I’ve found that when I want to unwind with the help of a drug, I vastly prefer
weed over alcohol. I currently smoke a little every day. I really do see
smoking weed like drinking wine. If you do it a lot and it’s interfering with
your life, it sounds like a problem. If you do it a little then yes it’s still
unhealthy but it’s not a problem.

I work in tech as an engineer and I consider myself very successful. I know
doing drugs isn’t as healthy as staying clean and I don’t plan to smoke every
day forever, but for now I like what it gives me. When I smoke, it’s a small
hit of sativa from a pipe. Then I get up, put on some music, and clean the
house, cook food, or do some mechanical design. I smoke less if I’m going to
write software - that’s just how my brain likes it.

But often if I’m going through something hard in life, I’m not good at
processing it on my own. I know I could learn that through meditation, but
certainly taking a larger hit of the same stuff and sitting down for a while
usually allows me to process those emotions. I’ll go in to my emotions, cry,
and then work through them.

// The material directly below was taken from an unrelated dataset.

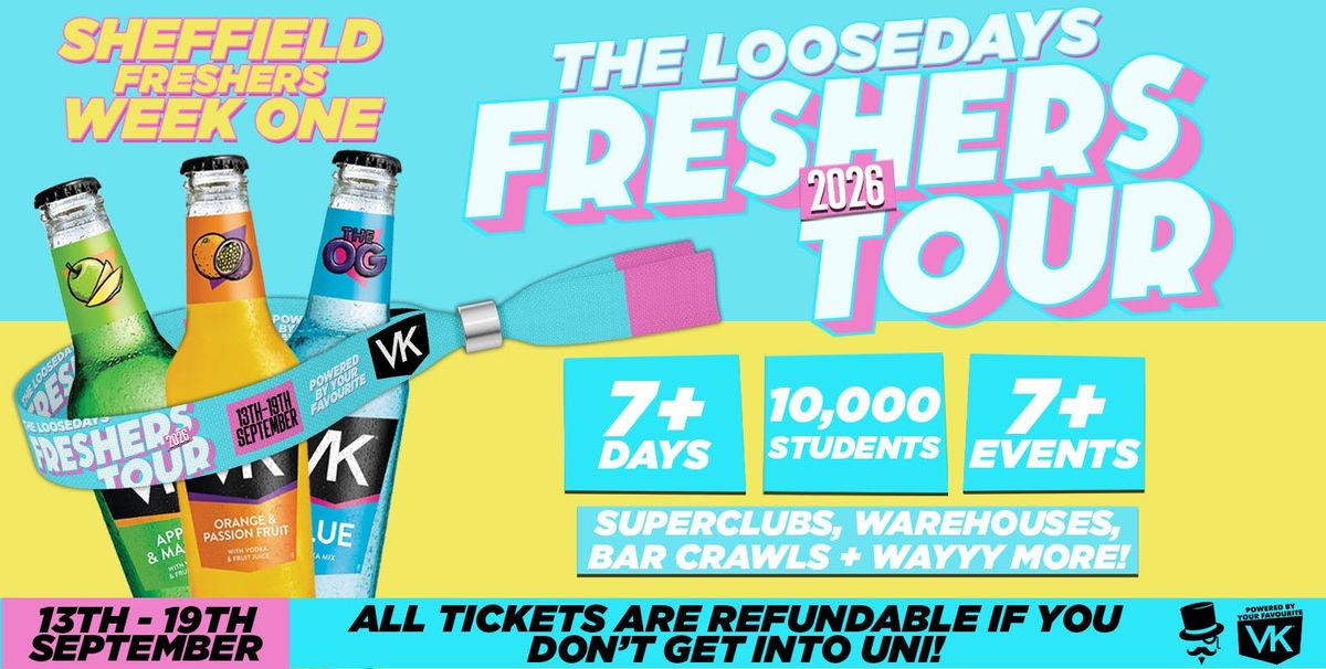 🎟 THE LOOSEDAYS SHEFFIELD FRESHERS TOUR | POWERED BY VK | 7+ DAYS... 7+ EVENTS 🎟The UK's number one events company LOOSEDAYS, brings you 7+ phenomenal events across 7+ days in the best & most in-demand nightclubs throughout Sheffield! 💖🎉🤩 Powered by VK, this Freshers Week Band is your All-Access Pass with everything on that you will need for the best & most enjoyable Freshers Week experience.

That’s just an evening or weekend thing.

I’ll reiterate that I don’t see this as objectively healthy, but it’s
certainly not in a worse class of drug than alcohol. I am frustrated when I go
to parties and people allow young children to see everyone drinking but say
the weed should be hidden. We have a culture that accepts heavy drinking but
we still see weed as some problem. In California it’s not so severe, but I
hope to see it legalized everywhere in the world. It’s absurd to send anyone
to jail for consuming, producing, or selling this easy to grow drug.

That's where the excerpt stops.